### Assignment
Everything from the line with "高所ガラスの作業では、まず安" to the final line of the entries, both included, should be restated word for word; please omit the pictures.
=== Data to examine ===
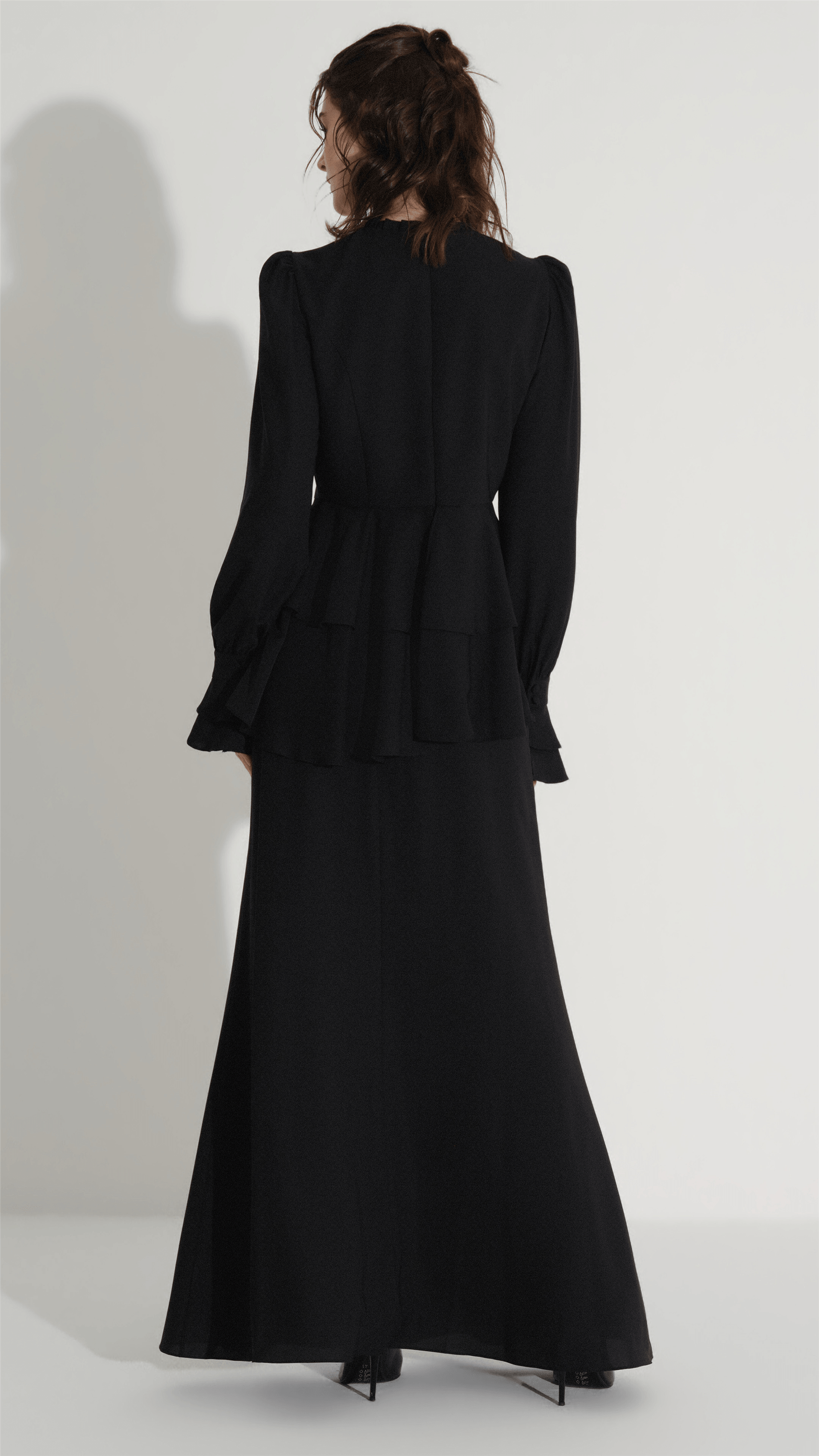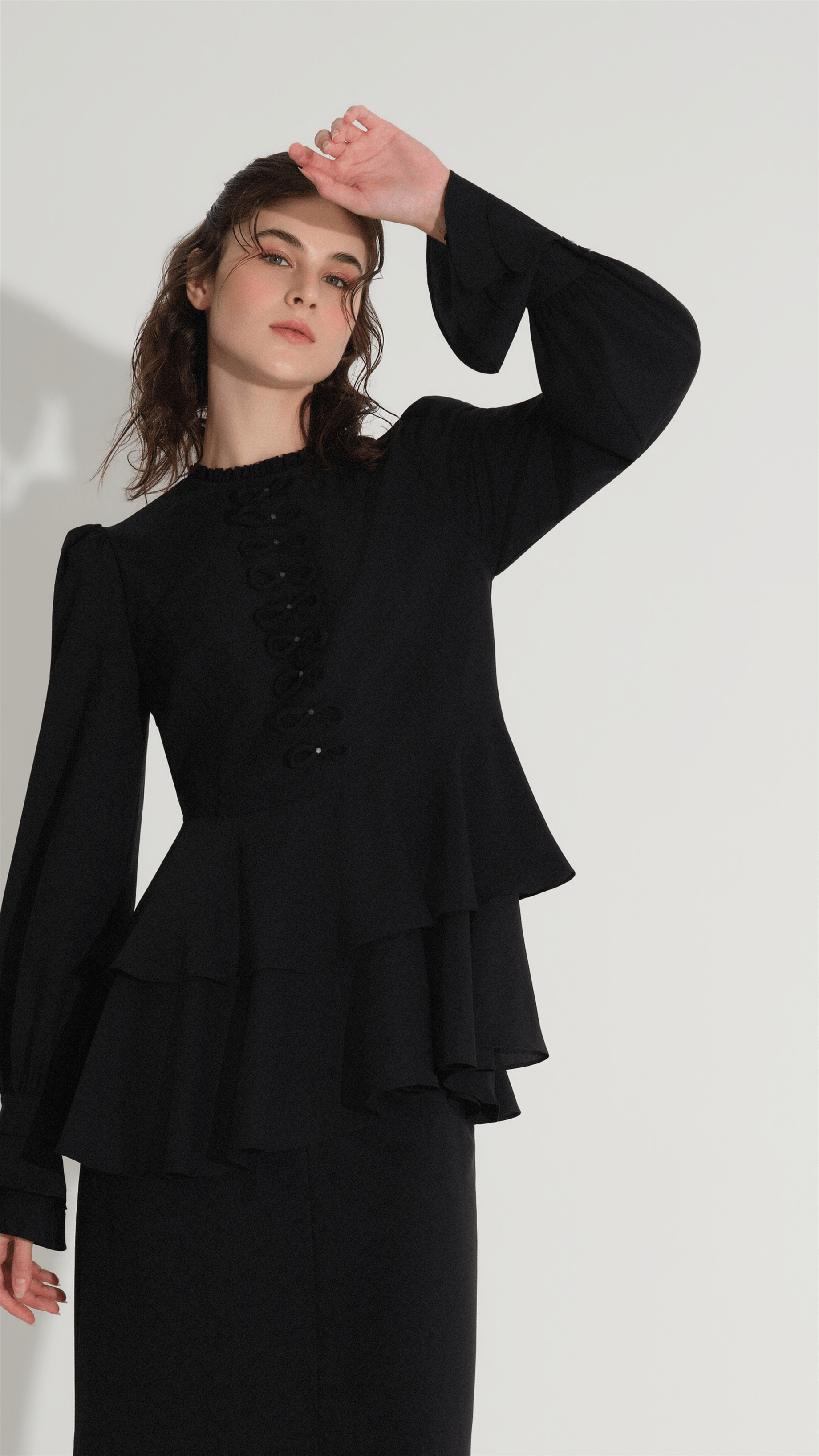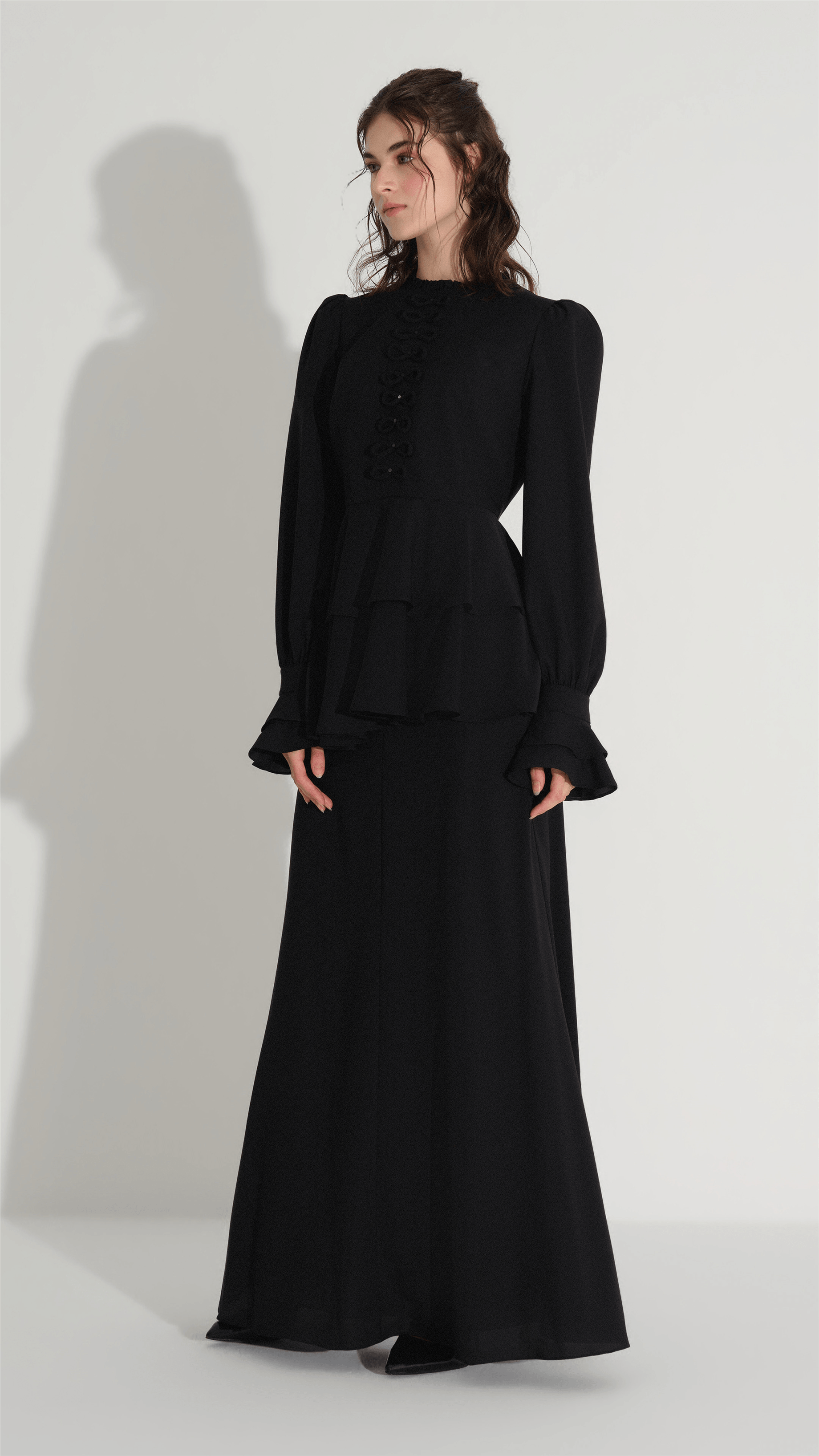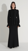 A refined two-piece set designed for elegant occasions, featuring a structured blouse with delicate bow embellishments and a flowing skirt that creates a balanced, graceful silhouette. The clean lines and minimal aesthetic are elevated by subtle decorative details, making it a versatile choice for both formal gatherings and modern evening looks.
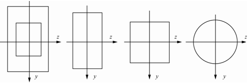 <p>梁的横截面可选用图示空心矩形、矩形、正方形和圆形四种之一,假设四种截面的面积均相等,载荷作用方向铅垂向下,承载能力最大的截
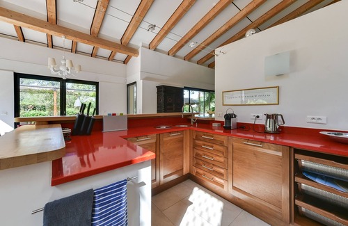 Inside the living area is open plan and spacious. The kitchen has red granite work surfaces, two sink areas, a long bar and equipped with top of the range appliances/culinary aids for budding chefs. These include Miele ovens, including steam oven, plates warmer, microwave, Nespresso machine, mixing machine, toaster, induction plaque and extractor fan, dishwasher, fridge and separate freezer unit. Just off the kitchen is a separate laundry with a second fridge, washing machine, tumble dryer etc. The kitchen connects to a separate dining area with large table and chairs and onto large terraces for alfresco dining/lounging. The large terrace will comfortably seat guests under the pergola for summer dining.
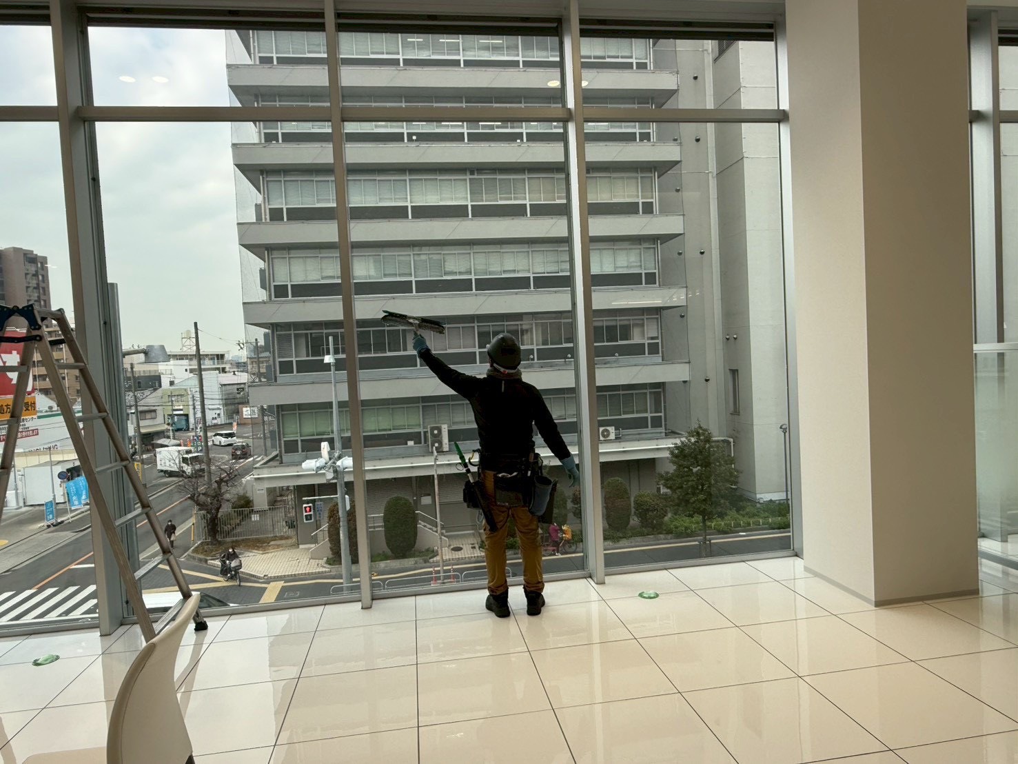 高所ガラスの作業では、まず安全対策をしっかりと整えたうえで、一枚一枚ていねいに仕上げていきます。
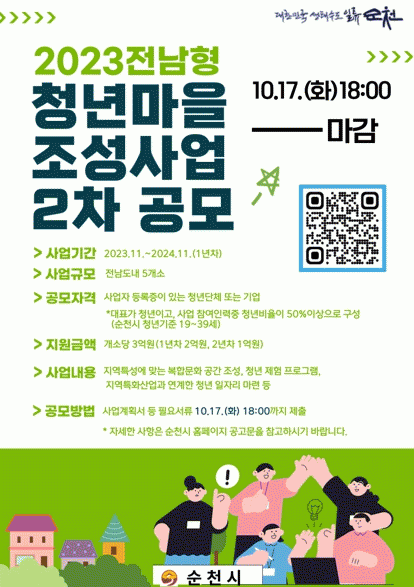 [¹Ìµð¾îÀü³² ÀÓ¼º¿Ï ±âÀÚ]¼øÃµ½Ã´Â Àü¶ó³²µµ¿¡¼ ÁÖ°üÇϴ¡®2023³â Àü³²Çü û³â¸¶À» Á¶¼º»ç¾÷¡¯¿¡ Âü¿©ÇÒ Ã»³â´Üü¡¤±â¾÷À» ¿À´Â 17ÀϱîÁö °ø°³ ¸ðÁýÇÑ´Ù°í ¹àÇû´Ù. À̹ø °ø¸ð»ç¾÷Àº »ó¹Ý±â¿¡ À̾î 5°³ ¸¶À»À» Ãß°¡·Î °ø¸ðÇØ û³âµéÀÌ Áö¡¦
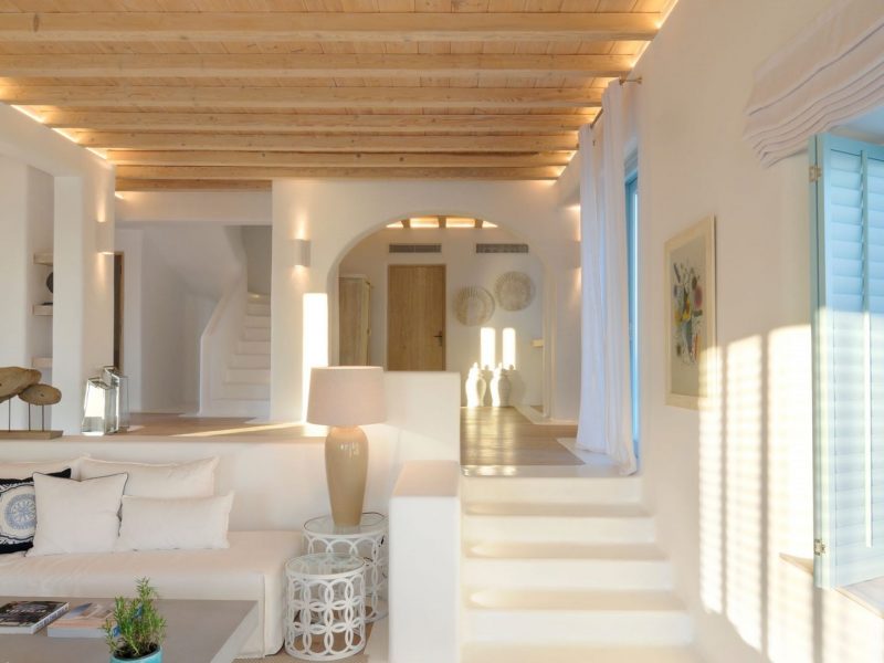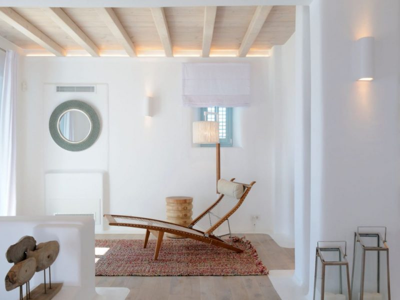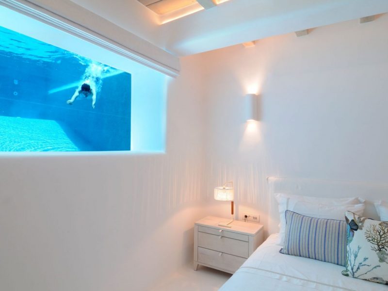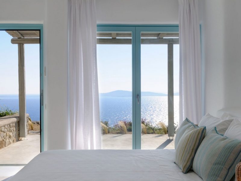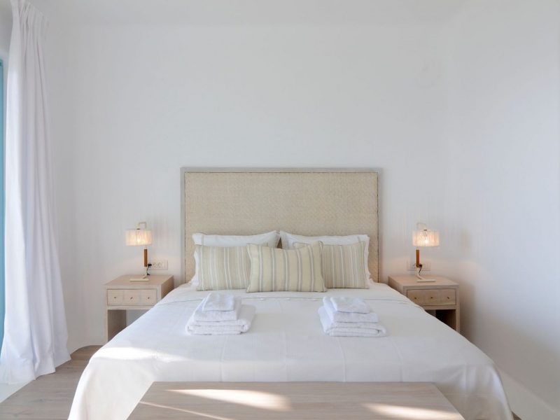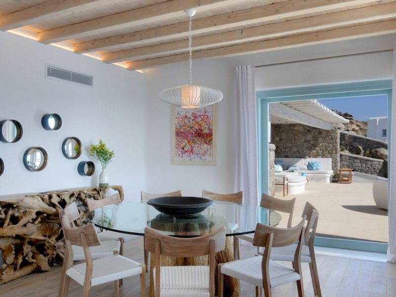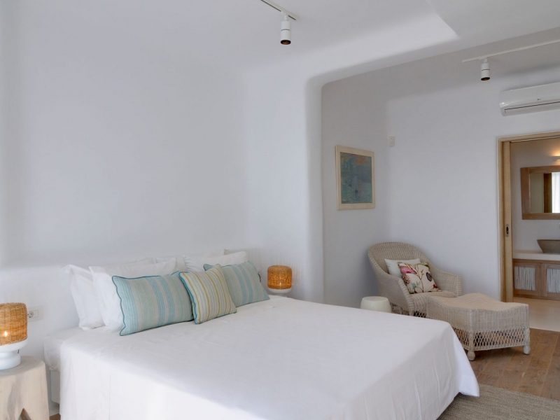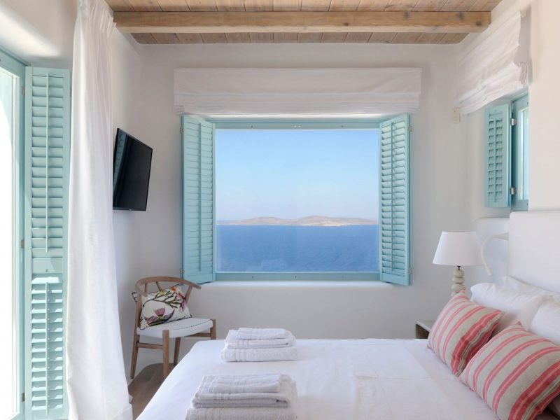 The home’s whitewashed multiple levels sweetly unite with light wood elements and meticulously curated design items. The downstairs bedrooms boast impressive pool windows while all rooms upstairs are highlighted by jaw-dropping sea views which include the picturesque islands of Delos and Rhenia.
===
### Answer box
 高所ガラスの作業では、まず安全対策をしっかりと整えたうえで、一枚一枚ていねいに仕上げていきます。
 [¹Ìµð¾îÀü³² ÀÓ¼º¿Ï ±âÀÚ]¼øÃµ½Ã´Â Àü¶ó³²µµ¿¡¼ ÁÖ°üÇϴ¡®2023³â Àü³²Çü û³â¸¶À» Á¶¼º»ç¾÷¡¯¿¡ Âü¿©ÇÒ Ã»³â´Üü¡¤±â¾÷À» ¿À´Â 17ÀϱîÁö °ø°³ ¸ðÁýÇÑ´Ù°í ¹àÇû´Ù. À̹ø °ø¸ð»ç¾÷Àº »ó¹Ý±â¿¡ À̾î 5°³ ¸¶À»À» Ãß°¡·Î °ø¸ðÇØ û³âµéÀÌ Áö¡¦
 The home’s whitewashed multiple levels sweetly unite with light wood elements and meticulously curated design items. The downstairs bedrooms boast impressive pool windows while all rooms upstairs are highlighted by jaw-dropping sea views which include the picturesque islands of Delos and Rhenia.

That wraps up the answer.